» The data:
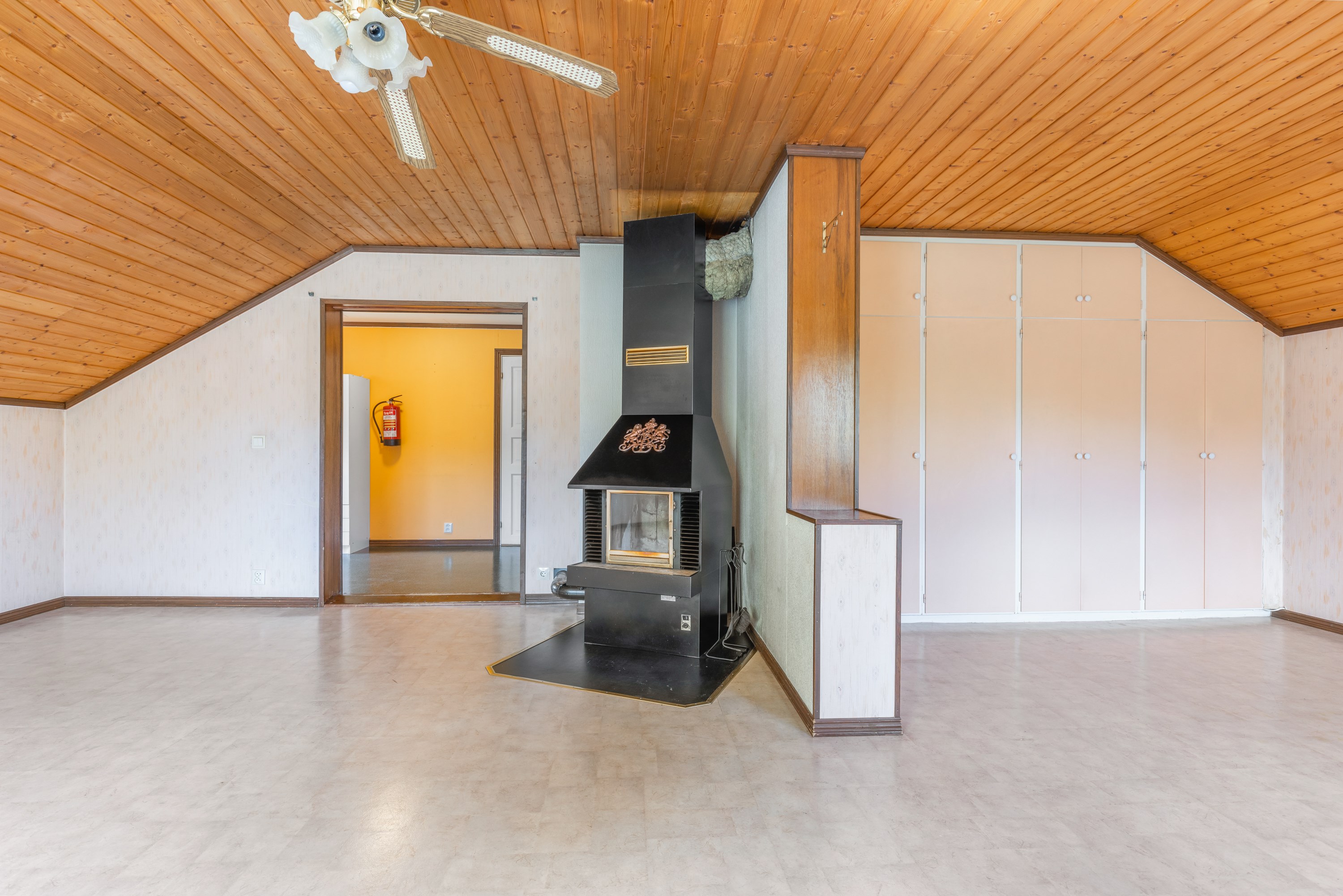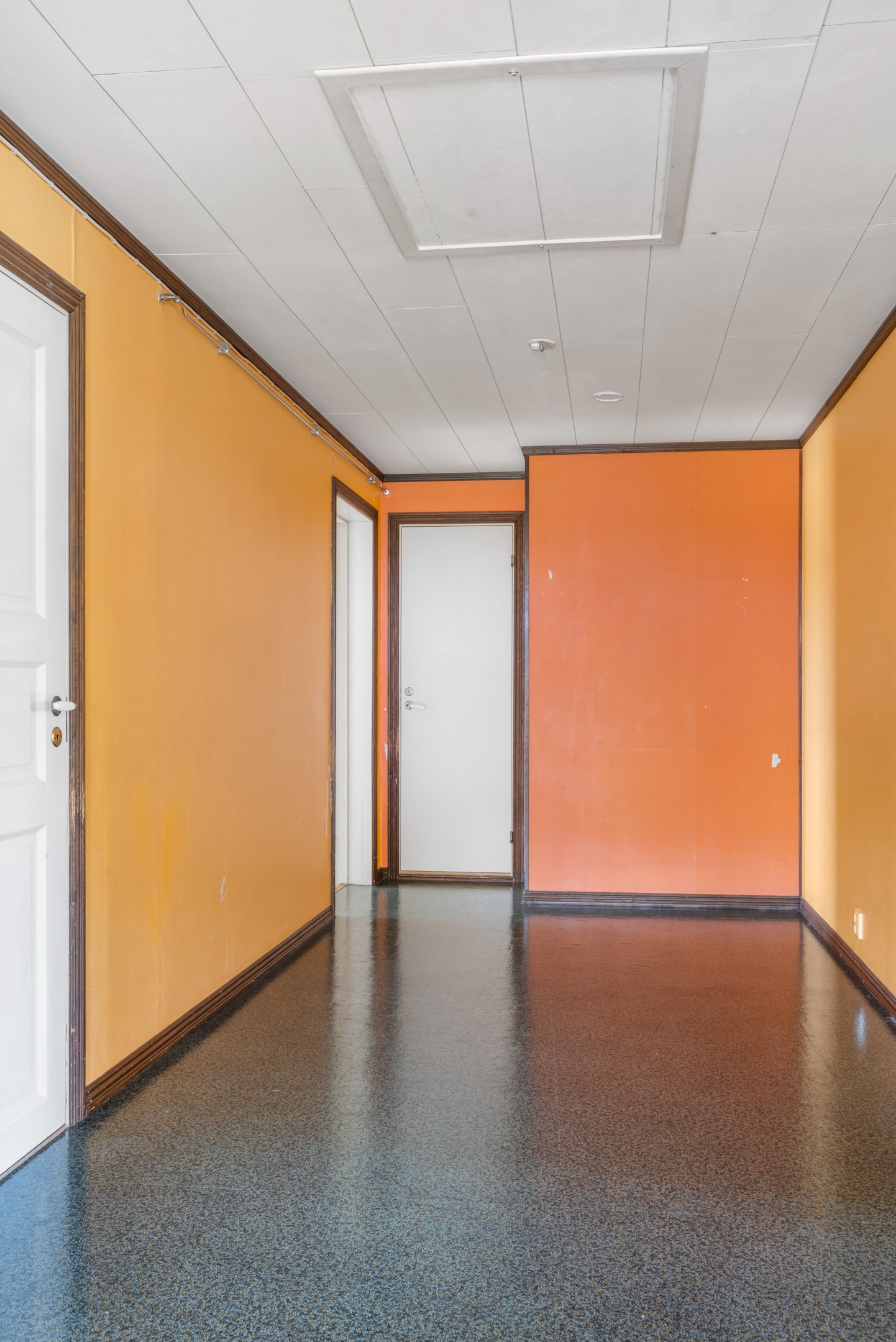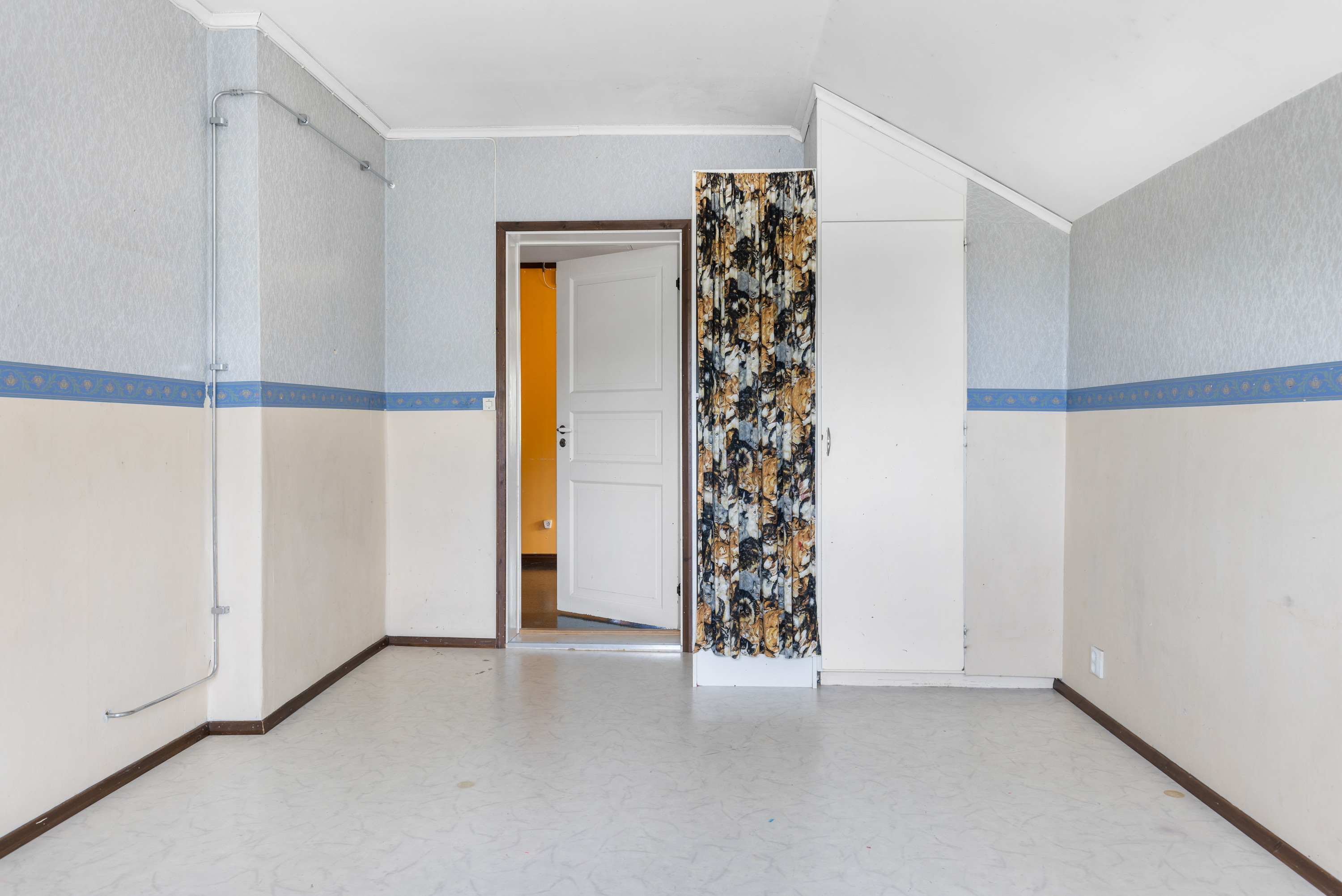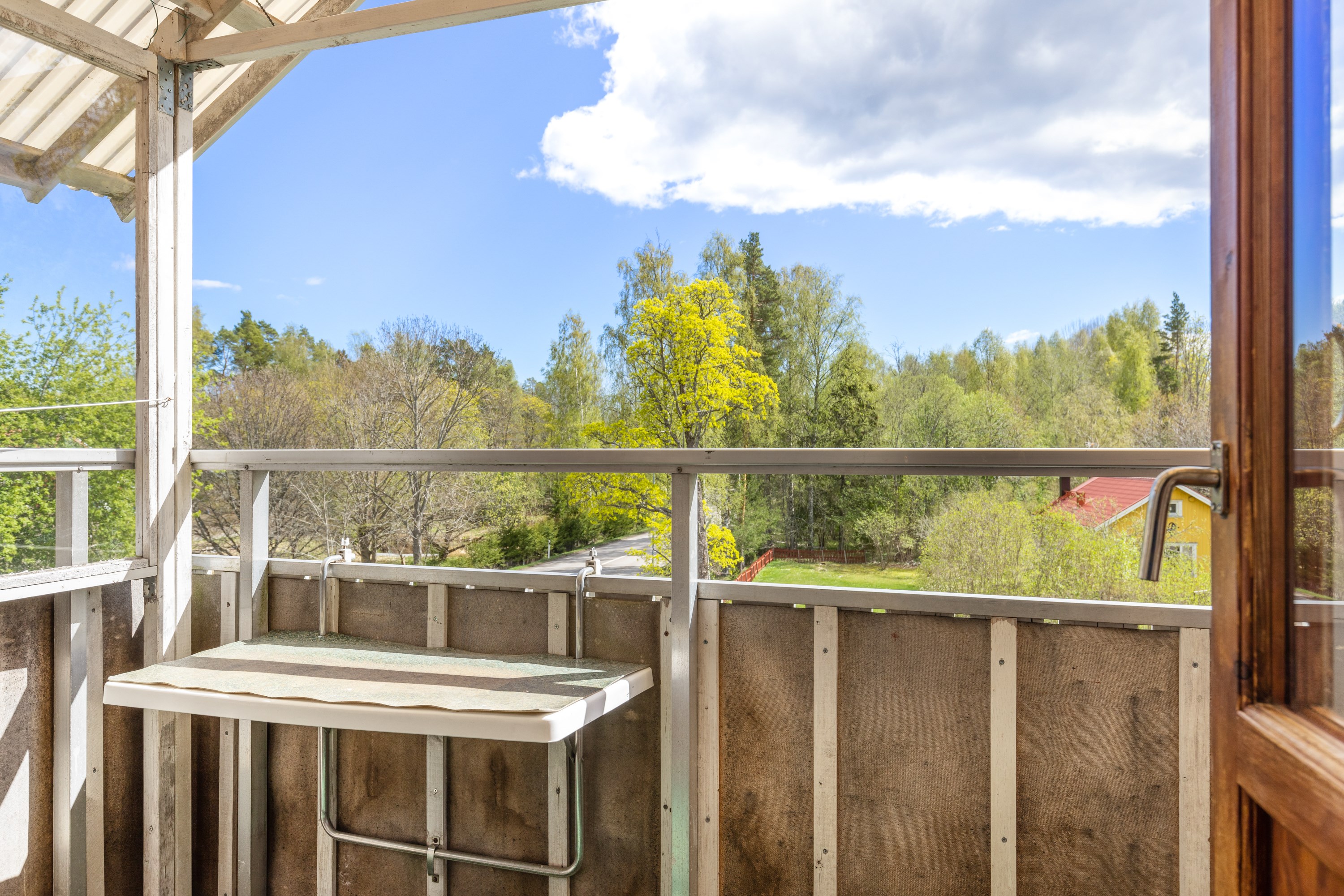 Bostaden på övre plan består av 2 rok och nås via en trapp på utsidan av huset. Entré via inglasad veranda som går vidare in i långsmal hall. Till höger ligger ett stort vardagsrum med kamin, som även skulle kunna delas av för att få ett till sovrum, garderober finns längs ena väggen samt kattvind för extra förvaring. Utgång till balkong. På andra sidan hallen ligger ett sovrum med garderob och kattvind. Vidare kommer man till det rymliga köket som är utrustad med spis (-22), fläkt, kyl/frys. Plats för matgrupp och även här en kattvind för extra förvaring. Badrummet har våtrumsmatta på golv och väggar, tvättmaskin, WC (-22), duschhörna med nyare våtrumsmatta, varmvattenberedare.
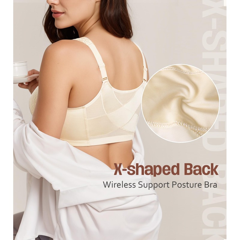 - X-shaped Back: Featured with criss-cross band, our posture bra pull your shoulder back gently and relieve the pain of your back and shoulder. Offer back support, improve your posture.
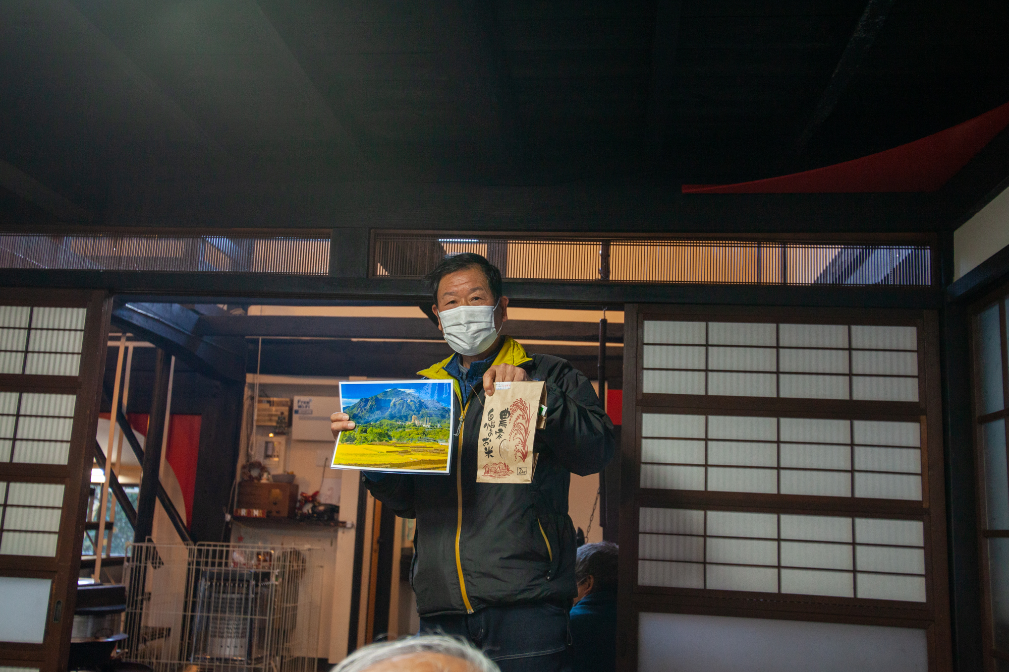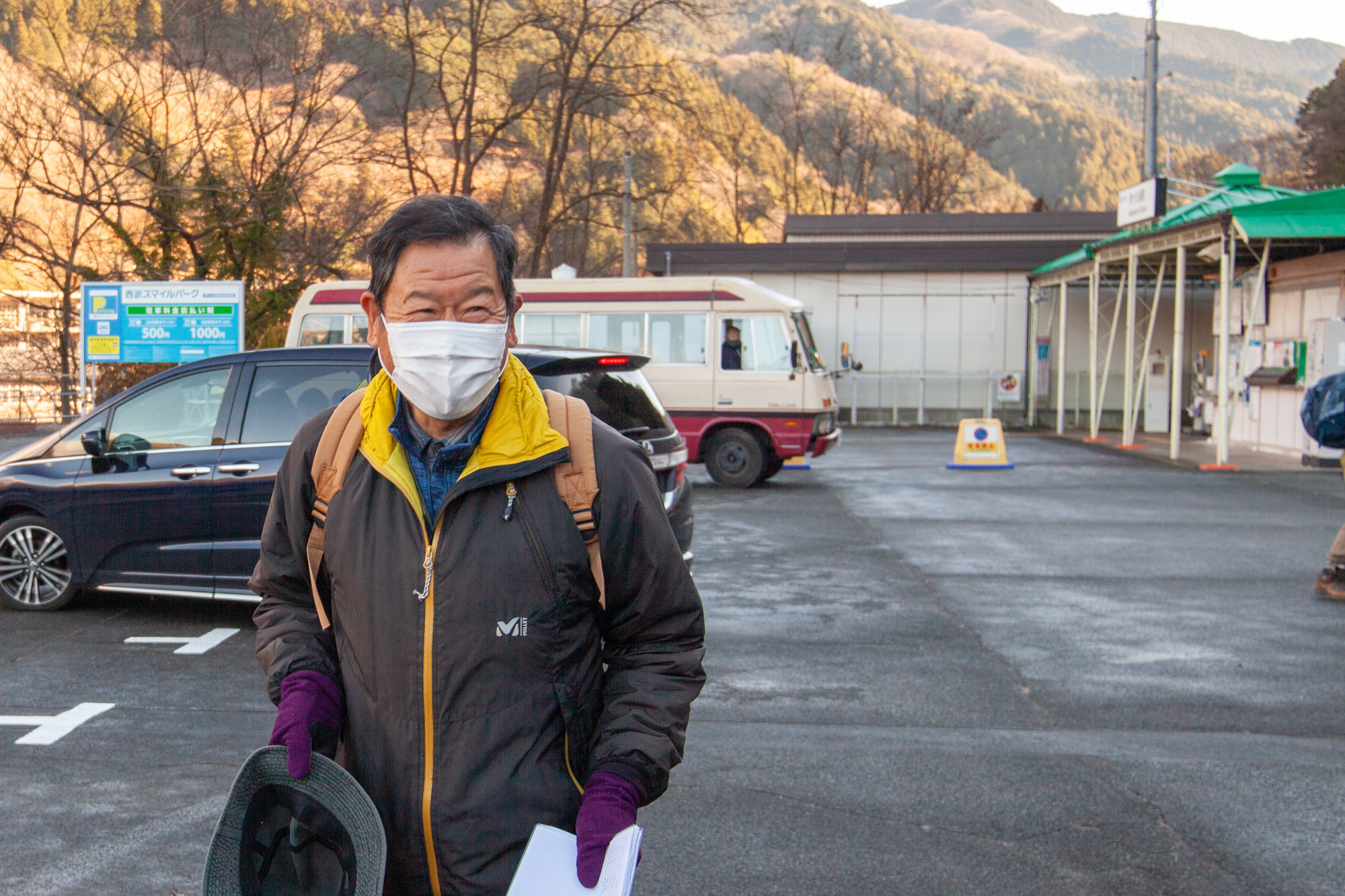 こちら、今回の廃校エモ写真&古民家かまど炊き体験ツアーのガイド、駒井信一さんです。笑顔が素敵。

» Task directions: Please repeat each line above exactly as it appears, but omit the pictures.

» Response below:
 Bostaden på övre plan består av 2 rok och nås via en trapp på utsidan av huset. Entré via inglasad veranda som går vidare in i långsmal hall. Till höger ligger ett stort vardagsrum med kamin, som även skulle kunna delas av för att få ett till sovrum, garderober finns längs ena väggen samt kattvind för extra förvaring. Utgång till balkong. På andra sidan hallen ligger ett sovrum med garderob och kattvind. Vidare kommer man till det rymliga köket som är utrustad med spis (-22), fläkt, kyl/frys. Plats för matgrupp och även här en kattvind för extra förvaring. Badrummet har våtrumsmatta på golv och väggar, tvättmaskin, WC (-22), duschhörna med nyare våtrumsmatta, varmvattenberedare.
 - X-shaped Back: Featured with criss-cross band, our posture bra pull your shoulder back gently and relieve the pain of your back and shoulder. Offer back support, improve your posture.
 こちら、今回の廃校エモ写真&古民家かまど炊き体験ツアーのガイド、駒井信一さんです。笑顔が素敵。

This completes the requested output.